The Chinese Year of the Rooster begins on 28 January with investors still awaiting a new dawn in the country’s multi-decade growth story.

The transition from an export-driven to a consumer-driven economy is resulting in slower growth and the Shanghai Composite index is yet to recover from the big corrections in August 2015 and January 2016 as jitters over a hard landing for the economy reached fever pitch.

Against this backdrop, portfolio manager Howard Wang and the rest of the team behind the JPMorgan Chinese Investment Trust (JMC) are looking to deliver nuanced exposure to China. One of only two pure Chinese investment trusts listed in London alongside Fidelity China Special Situations (FCSS), both have delivered share price gains in excess of 30% over the past year. JP Morgan’s fund trades at a 13.9% discount to a net asset value of 234p and Fidelity’s trust trades at a similar discount.

JPMorgan Chinese Investment Trust  (JMC) 201.4p

Estimated NAV: 234p

Discount: 13.9%

5-year total return: 76.5%

Source: AIC

New China focus

Wang says: ‘Our focus is to find businesses well-positioned for China’s economic evolution with the divergence between the old and the new and how it will shape up to be in the next three to five years, across market capitalisation and across market listings.’

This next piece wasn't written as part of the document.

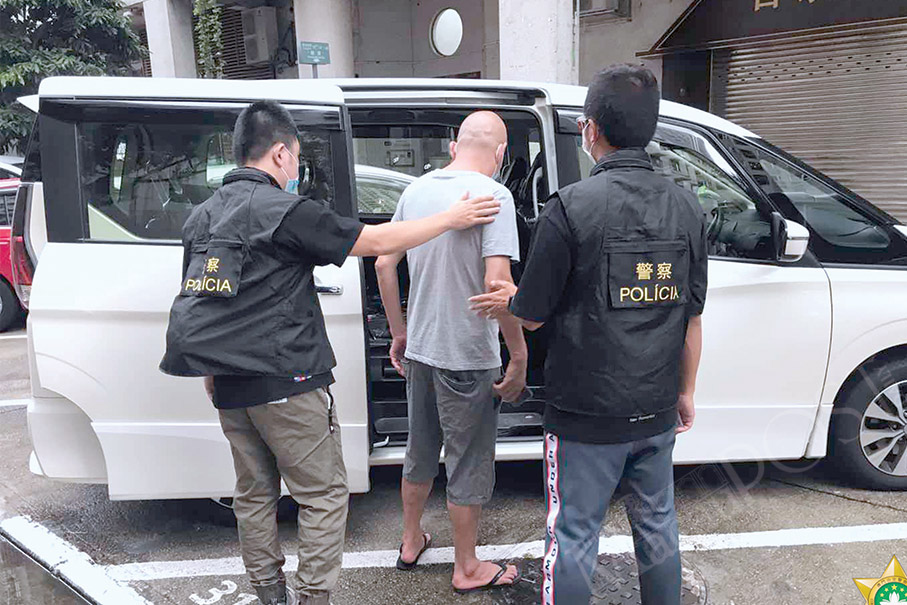 This handout photo provided by the Public Security Police (PSP) yesterday shows PSP officers escorting the suspect surnamed Pun to a vehicle in Avenida Norte do Hipódromo in Areia Preta district on September 12.
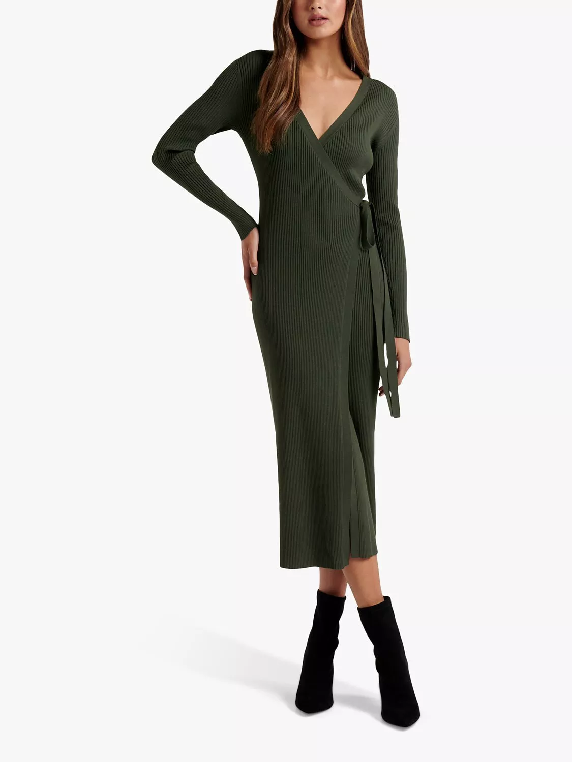 With a refined wrap front, this midi dress by Forever New is a muted, yet chic addition to your repertoire.

Wang explains that the fund has the flexibility to invest in stocks which are not classified as Chinese by MSCI but nonetheless earn a significant proportion of their revenue from the country. He cites the example of Taiwanese smartphone component makers, adding: ‘They have made a meaningful contribution to our portfolio returns over the last several years but would not have been available as investment ideas in a pure China fund.’

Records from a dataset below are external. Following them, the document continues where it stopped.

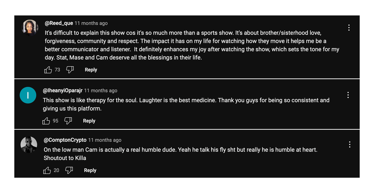 Less than two years later, It Is What It Is has about 279 episodes in the can. The show ranks No. 45 in the sports podcasts category on Spotify, has 630,000 Instagram followers, and has 551,000 subscribers on YouTube, with over 80 million views. The concept is genius and took flight. Along with a sweet payday for those involved came a huge following where thousands of supporters stay saluting the triumvirate and giving Cam’ron his flowers. A glance beneath a given episode post will show subscribers of the network leaving endearing comments:
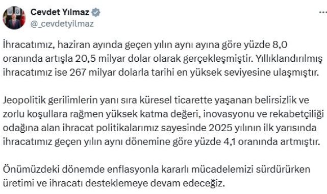 Cumhurbaşkanı Yardımcısı Cevdet Yılmaz, sosyal medya hesabından yaptığı açıklamada, "İhracatımız, haziran ayında geçen yılın aynı ayına göre yüzde 8 oranında artışla 20,5 milyar dolar olarak gerçekleşmiştir. Yıllıklandırılmış ihracatımız ise 267 milyar dolarla tarihi en yüksek seviyesine ulaşmıştır. Jeopolitik gerilimlerin yanı sıra küresel ticarette yaşanan belirsizlik ve zorlu koşullara rağmen yüksek katma değeri, inovasyonu ve rekabetçiliği odağına alan ihracat politikalarımız sayesinde 2025 yılının ilk yarısında ihracatımız geçen yılın aynı dönemine göre yüzde 4,1 oranında artmıştır. Önümüzdeki dönemde enflasyonla kararlı mücadelemizi sürdürürken üretimi ve ihracatı desteklemeye devam edeceğiz" ifadelerini kullandı.
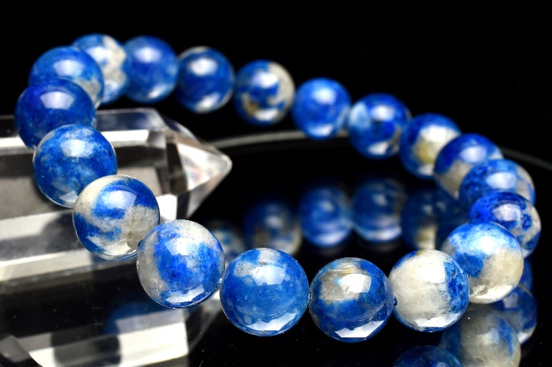 【1点物】希少◇発光鉱物 ブルーハックマナイトシリカ 9.5-10mm ブレスレット _MA4669
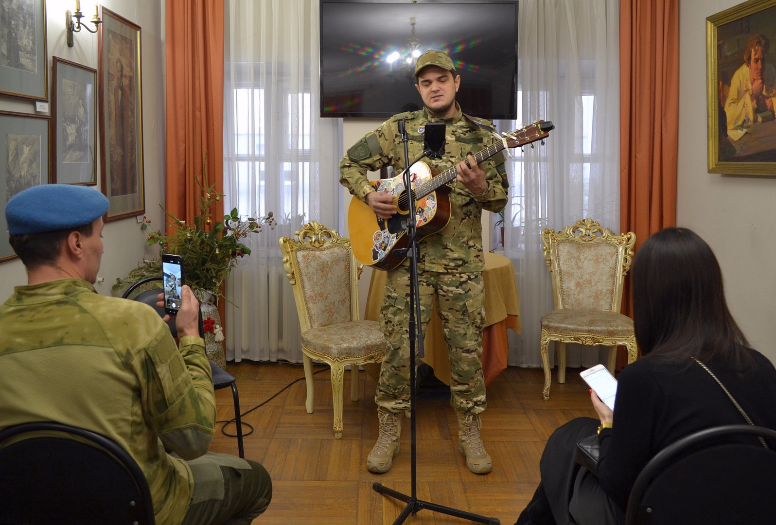 Музыкант Константин Зыков, представитель Воронежской региональной общественной организации по объединению и содействию ветеранов десантных войск «Союз десантников» под аккомпанемент гитары исполнил воодушевляющие песни, связанные с выполнением военного долга.

He adds: ‘As our investment professionals are located on the ground, the deeper access to local companies should play to the strength of a closed-end investment trust vehicle which can invest further down the market cap spectrum, in businesses less well known and discovered by others, with relatively less liquidity constraints.’

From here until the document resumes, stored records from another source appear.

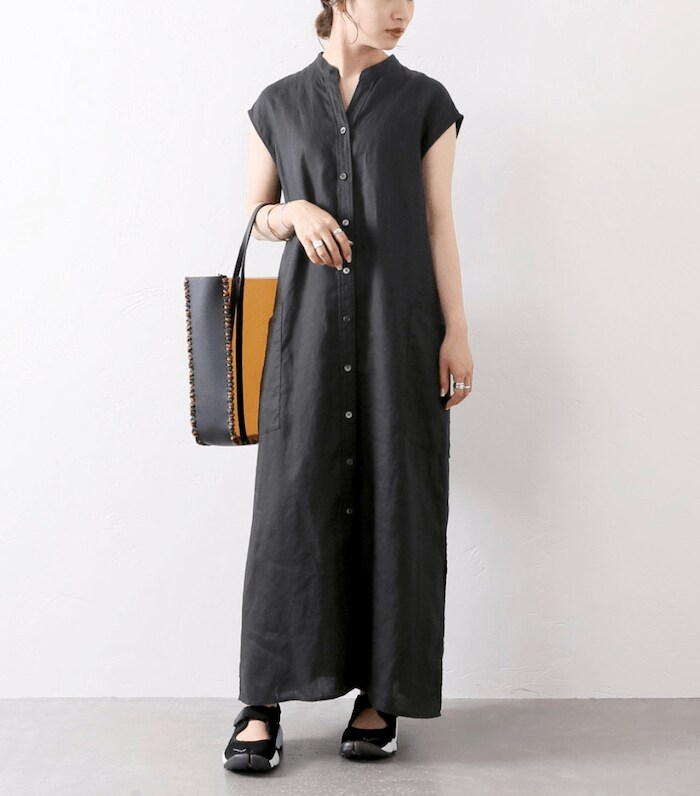 Iラインシルエットが大人っぽいオールブラックコーデ。エアリフトを外しに1点投入するだけで、シンプル過ぎず凝った印象になります。
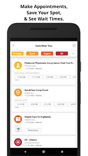• Save your spot in line at any of our QuickCare or Urgent Care locations
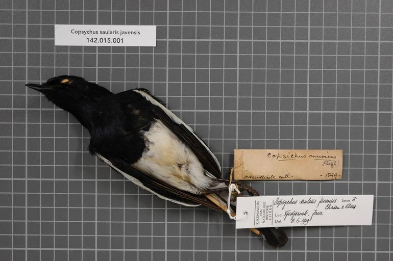 Keywords: Naturalis Biodiversity Center - RMNH.AVES.129388 1 - Copsychus saularis javensis Chasen & Kloss, 1930 - Turdidae - bird skin specimen.jpeg artwork Dimensions artwork Document type Turdidae Copsychus Individual count 1 Infraspecific epithet javensis Infraspecific rank Institution Naturalis Kind of unit artwork Kind of unit specimen skin Life stage Medium artwork Nomenclatural code Occurrence ID page Other fields Other versions artwork Permission license Naturalis donation CC-0 Publication location Scientific name Copsychus saularis javensis Chasen Kloss 1930 Scientific name authorship Chasen Kloss 1930 male Source url http //bioportal naturalis nl Specific epithet saularis State or province Subject keywords artwork Subject keywords publication Title artwork Title publication Type status Uploaded with GWToolset Naturalis_Biodiversity_Center_-_RMNH AVES 129388_1_-_Copsychus_saularis_javensis_Chasen_ _Kloss _1930_-_Turdidae_-_bird_skin_specimen http //medialib naturalis nl/file/id/RMNH AVES 129388_1/format/large Media donated by Naturalis Biodiversity Center Songbird specimens at Naturalis Biodiversity Center Copsychus saularis museum specimens |
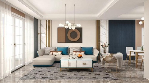 藍、橙、白三色勾勒的背景墻,很有層次感,時尚個性。一幅可以延伸室內空間感的裝飾畫,引人遐想,同時也凸顯客廳的美感。
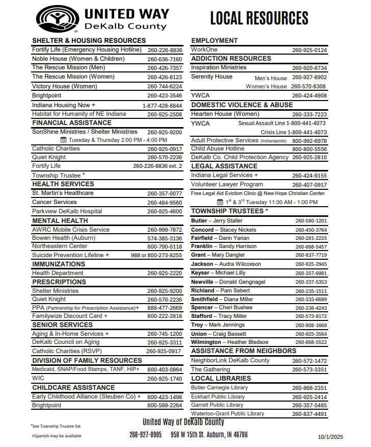 Please reach out to any of these listed agencies or call United Way of DeKalb County for more information.
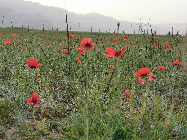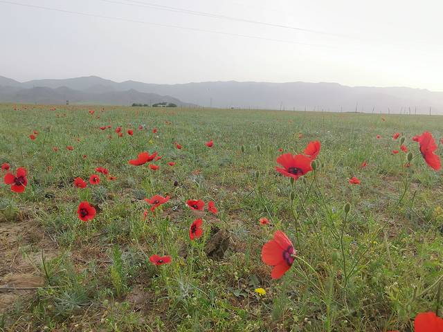 天山红花和虞美人远看很像,只是红花花心有黑色的图案,花期很短,一般是5月底6月初。我问小太阳有没人做饭吃野罂粟,她说可能没有。因为花不是很茂盛,小太阳帮我们讲价到5块钱一个人,觉得还是很幸运。
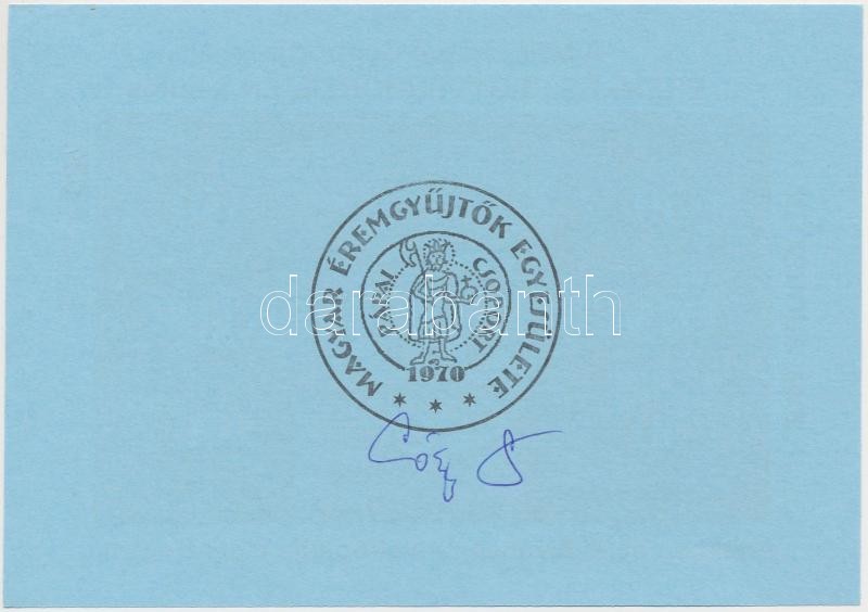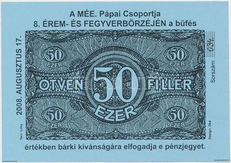 Pápa 2008. "A MÉE Pápai Csoportja 8. Érem- és Fegyverbörzéje" 50.000f alkalmi pénz, "034" sorszámmal, hátlapján "Magyar Éremgyűjtők Egyesülete - Pápai Csoport 1970" felülbélyegzéssel, a tervező Lóky aláírásával T:I-

Pudong financial district, with Oriental Pearl Tower and illuminated skyscraper

Portfolio picks

The portfolio is concentrated in what Wang describes as ‘New China economies’ including areas such as consumers, healthcare, technology and the internet and environmental services. On the consumer side the trust holds stakes in a variety of businesses in media, tourism, automobiles and kitchen appliances.

A position in travel services provider Ctrip (CTRP:NDQ) plays to growth in domestic leisure travel and there are substantial positions in big online businesses like Tencent (0700:HKG) and Alibaba (BABA:NYSE).

Wang adds: ‘We also found a niche player that specialises in kitchen range hoods (Hangzhou Robam Appliances (002508:SHE)), distinctively tailored for the Chinese consumer, with high barriers to entry in their business model.’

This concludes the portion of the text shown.